Edson River Riparian Health Assessment Report 2000


Sheldon Kowalchuk and D'Arcy Campbell


A problem faced by conservation organizations wishing to conduct conservation, enhancement and protection programs in a geographical area is to determine the current state of habitat in the study area. The development of a riparian protection and enhancement program in the Alberta Conservation Association's Northern East Slopes (NES) region has resulted in the need to conduct assessments on priority streams. The Edson River is one stream in the NES that was identified as a high priority. Results from a field assessment in May, 2000 will help prioritise habitat that needs to be protected, and habitat where enhancement techniques could be used. 

The Edson River watershed is currently being affected by a variety of land-use practices ranging from forestry and oil and gas activity in the headwaters, to agricultural and residential development in the mid to lower reaches of the watershed. The close proximity of the stream to Edson has resulted in the development of a number of acreages overlooking the river. The demand for rural residential areas will likely continue into the future as more people seek out their own piece of nature. 

Overall the riparian areas that were assessed along the Edson River were in good condition, with the exception of some isolated areas. The areas being impacted by agricultural activities resulted in bank destabilization and a reduction in the amount of woody debris in the riparian area.

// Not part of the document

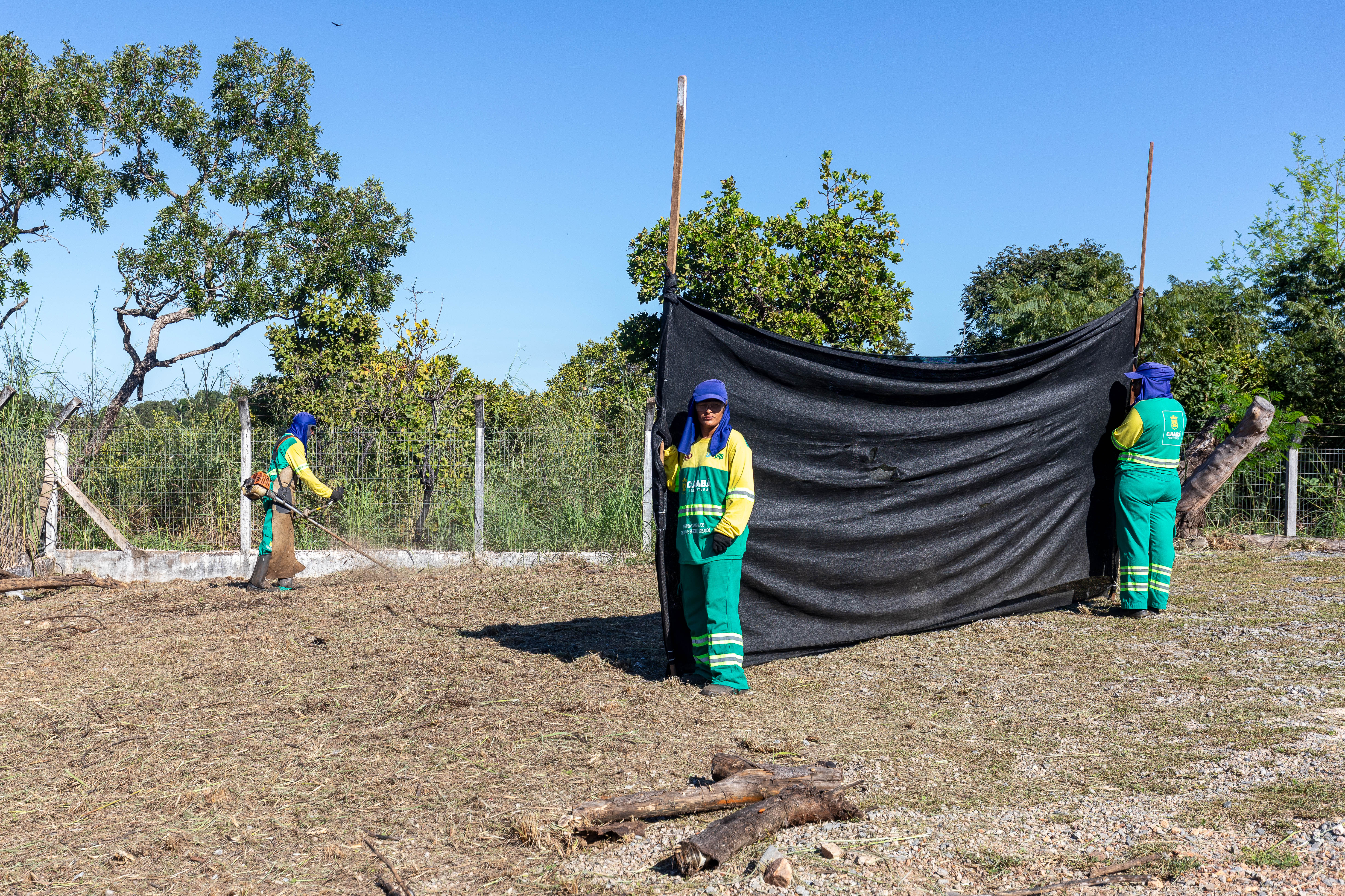 A imagem mostra colaboradores da Limpurb em força-tarefa de limpeza na Clínica da Família no bairro CPA I. Os funcionários usam uniforme na cor verde, e estão munidos de Equipamento de Proteção Individual (EPIs), eles carregam uma big bag com vegetação recolhida da atividade.
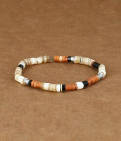 Bracelet élastique sur lequel sont enfilées des pierres fines de couleurs, parsemées de motifs de métal.

Improved grazing management practices would likely result in improved bank stabilization, increased plant vigour and improved water quality in the Edson River. 

Results from the riparian health assessment identified some relatively intact habitat that should be protected and also degraded habitat that needs to be enhanced. The first step that needs to occur in order to improve the health of the riparian areas along the Edson River are information and education initiatives aimed at promoting good stewardship practices. A public workshop held on March 1, 2001 was a good start, however the public needs to become more informed regarding natural stream processes and function.